Tell me about it. Thanks to bankruptcy, my puny, one-bedroom apartment was on the wrong side of Sunset.

‘Let’s dump her at the hospital and drop by the Fat Burger.’

‘This here’s a morgue job,’ says the one with the deep voice.

‘Where’s the body bag?’

‘You left it downstairs. Throw a sheet over her. Fuck rules.’

I imagine that I am lying face up. But a newspaper picture I later saw showed me curled on my side on the kitchen floor. Stark naked. Which had never been my style. I always sleep in nightgowns and had put one on the night of 5 September before crawling into bed with a nightcap.

The gum chewer says, ‘Spooky that her hair’s all over the floor.’

I try to scream again but can’t get my lips to move.

‘Irene O’Brien. She was a credit to the race till she started fucking honkies.’

‘Shit … you ain’t had nothing but white pussy since I known you. Grab the stretcher.’

‘Stub out that cigarette,’ says the deep voice. ‘You droppin’ ashes on her head.’

As they lift my body, a siren blares with the sound getting closer until it halts abruptly outside my building.

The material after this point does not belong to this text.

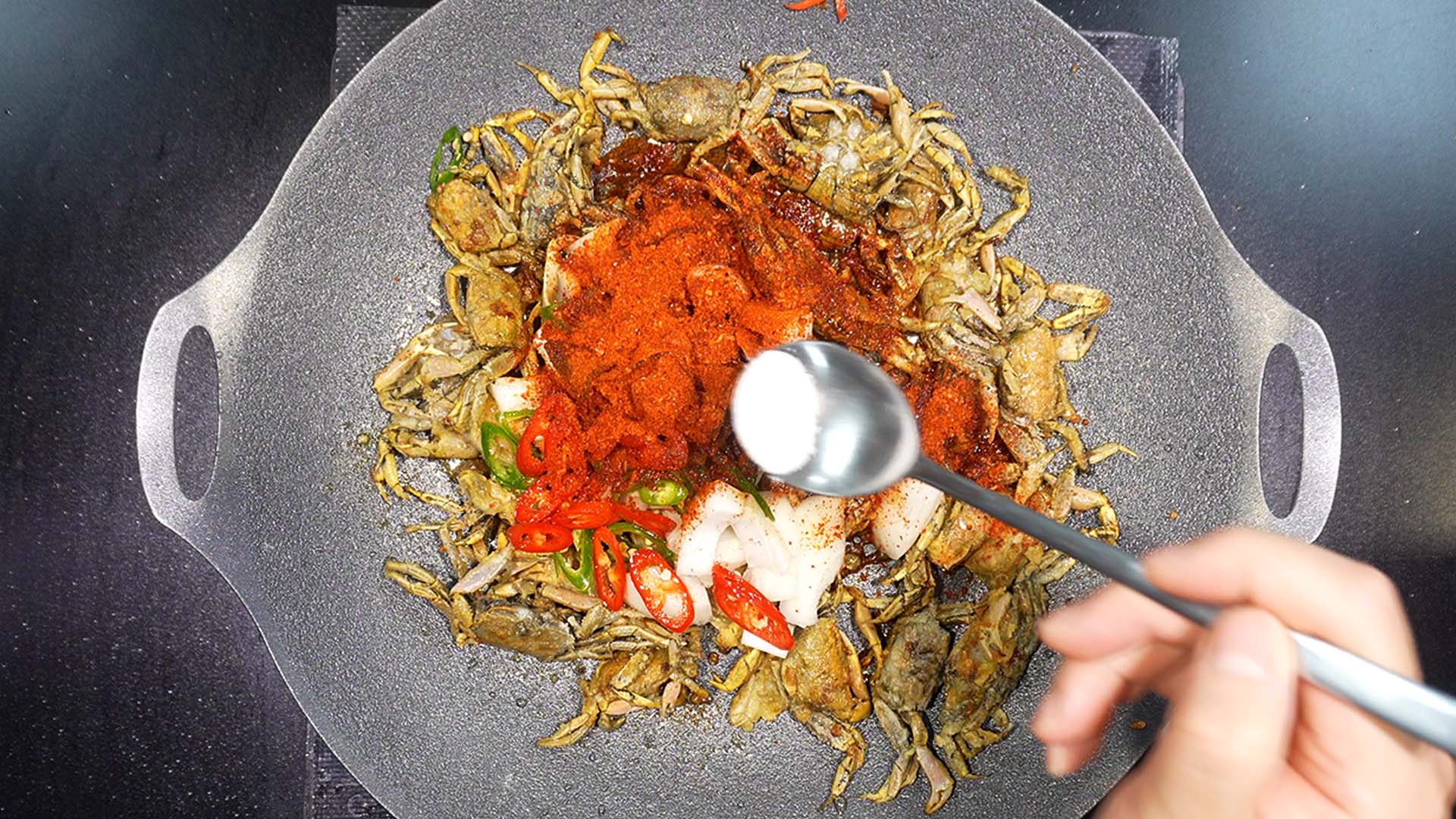 11) 고춧가루를 넣어준다

The gum chewer says, ‘Check the window. Ain’t no coincidence that two ambulances get called out to the same corner at the same time.’

‘Betcha Claudeen at the office double-booked again. See her butt in that tight skirt today? She can call out ten ambulances.’

Suddenly from down in the street there is loud raucous laughter. The gum chewer says, ‘That’s Bobby Lee out there clowning. Don’t nobody else laugh that loud… He’s on duty with tired-ass Charlie Adams.’